◆ Data shown

· · · ·

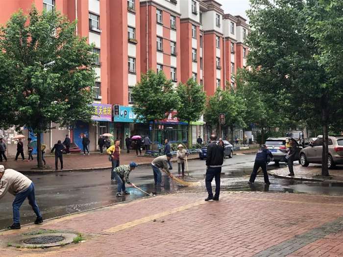 在大家的共同努力下,集中将辖区积水清理完毕,大家在清理积水过程中深受居民一致好评。在清水过程中,商户、企业也自发的加入到清队伍中,各自把自己门前的人行道的积水清理干净。
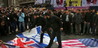 Miles de iraníes incendiaron la bandera estadounidense y corearon el miércoles mientras celebraban el aniversario de la toma de la embajada de Estados...
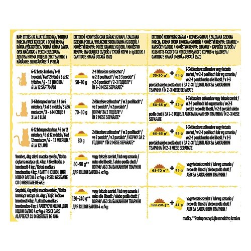 *Змішуйте корм з водою для полегшення споживання. Збільшуйте кількість корму, як тільки кошеня почне їсти більше, та зменшуйте кількість води, як тільки кошеня зможе їсти сухий корм без неї. Кожне кошеня унікальне, тому кількість корму та час годівлі мають бути адаптовані до рівня його активності на фізичного стану. Корм також підходить для вагітних кішок та кішок у період лактації.
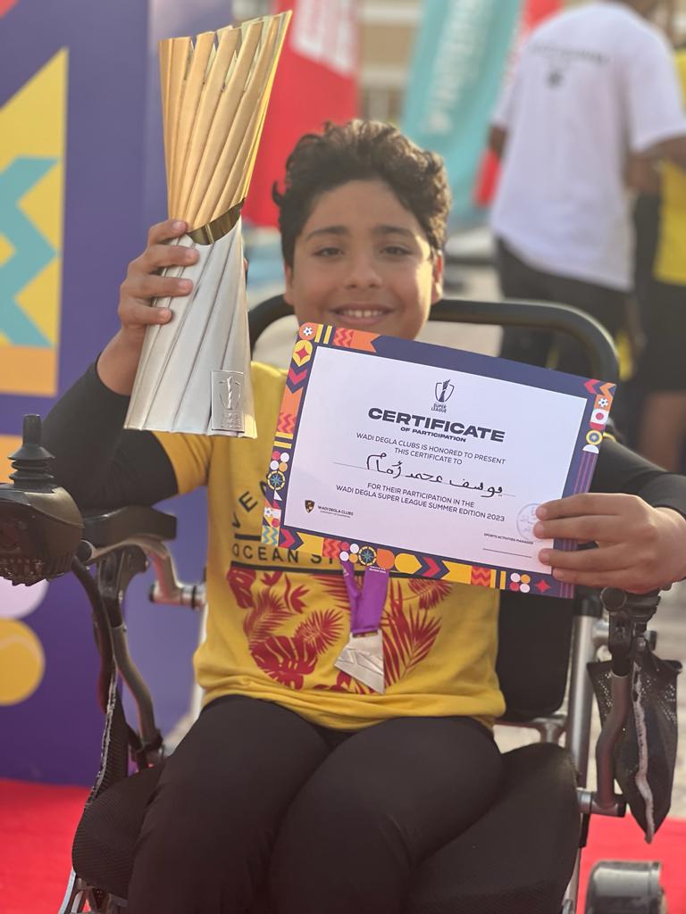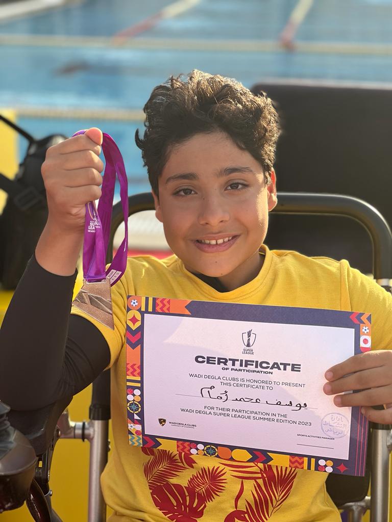 حقق يوسف محمد إمام بطولة المركز الثاني على مستوى تصفيات أندية وادي دجلة في رياضة السباحة لذوي القدرات الخاصة.
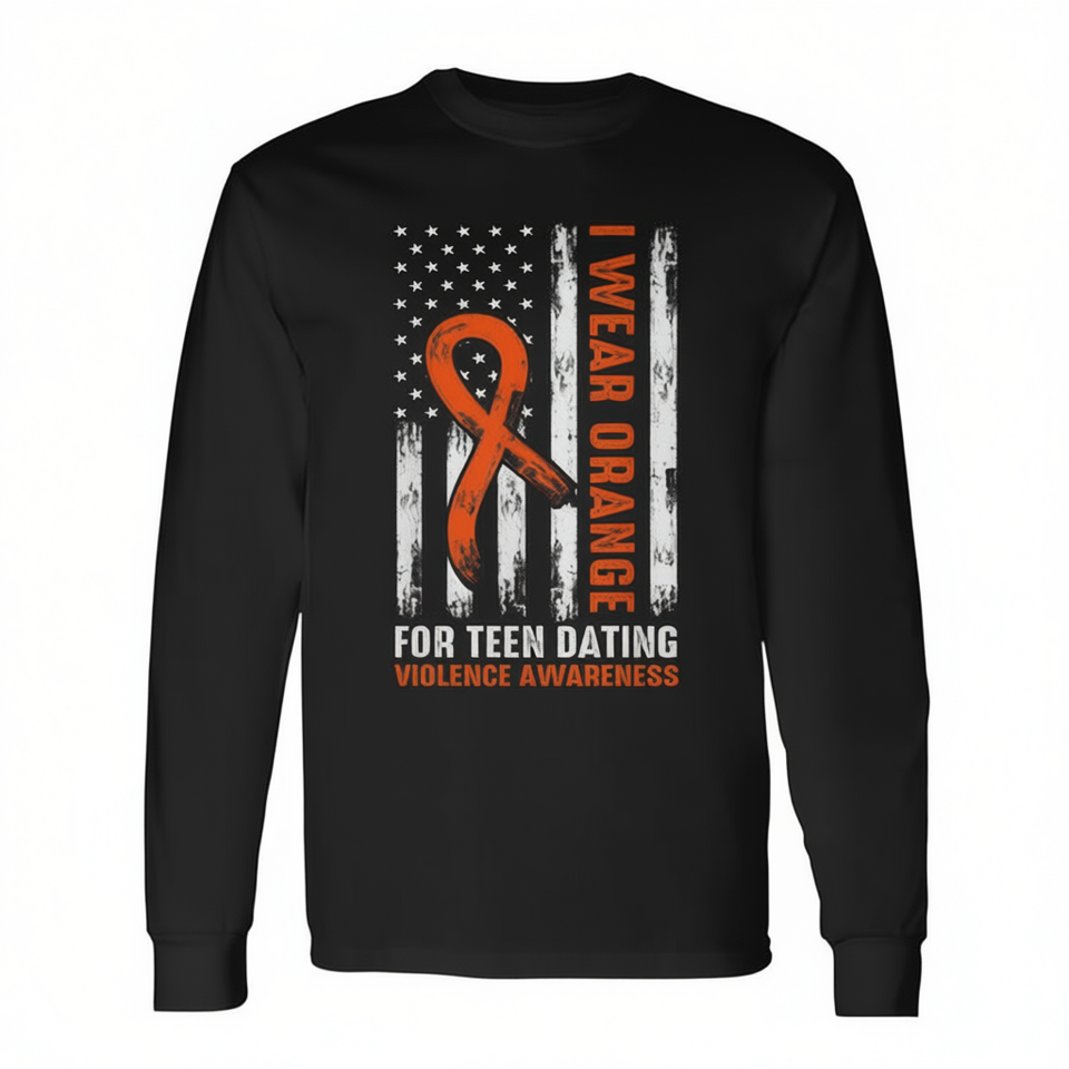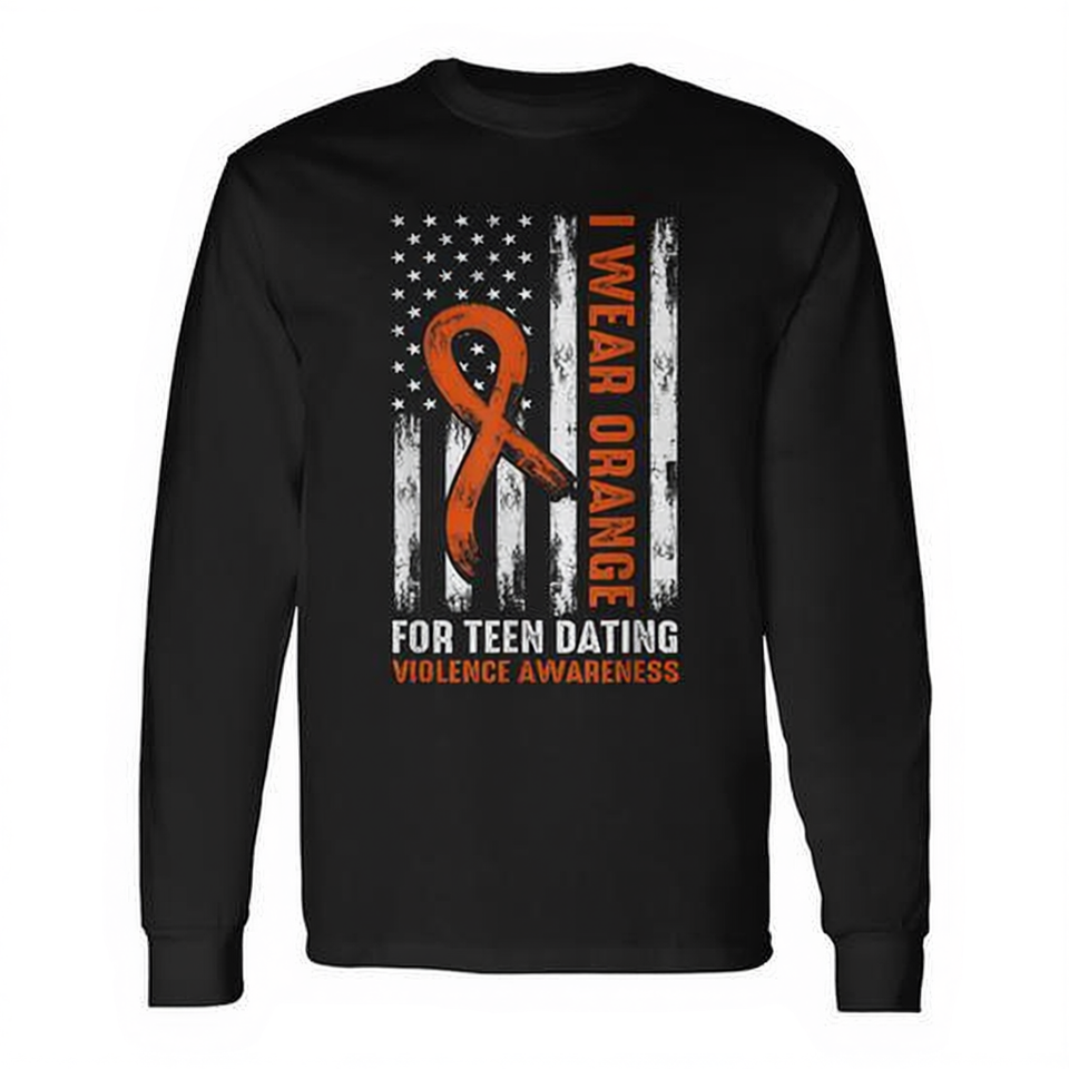 Teen Dating Violence Awareness Orange Ribbon Long Sleeve T-Shirt Unisex Crew Neck Silk Screen Printed For Walk Run Events
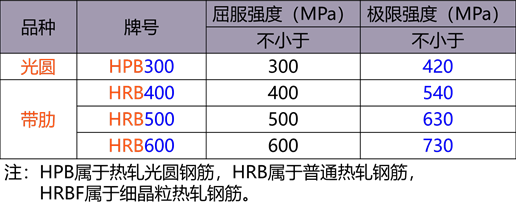 ①HRB400、HRB500、 HRB600分别以4、5、6表示,

· · · ·

◆ Problem statement
Pictures aside, restate all of the entries exactly.

◆ Answer to the problem
 在大家的共同努力下,集中将辖区积水清理完毕,大家在清理积水过程中深受居民一致好评。在清水过程中,商户、企业也自发的加入到清队伍中,各自把自己门前的人行道的积水清理干净。
 Miles de iraníes incendiaron la bandera estadounidense y corearon el miércoles mientras celebraban el aniversario de la toma de la embajada de Estados...
 *Змішуйте корм з водою для полегшення споживання. Збільшуйте кількість корму, як тільки кошеня почне їсти більше, та зменшуйте кількість води, як тільки кошеня зможе їсти сухий корм без неї. Кожне кошеня унікальне, тому кількість корму та час годівлі мають бути адаптовані до рівня його активності на фізичного стану. Корм також підходить для вагітних кішок та кішок у період лактації.
 حقق يوسف محمد إمام بطولة المركز الثاني على مستوى تصفيات أندية وادي دجلة في رياضة السباحة لذوي القدرات الخاصة.
 Teen Dating Violence Awareness Orange Ribbon Long Sleeve T-Shirt Unisex Crew Neck Silk Screen Printed For Walk Run Events
 ①HRB400、HRB500、 HRB600分别以4、5、6表示,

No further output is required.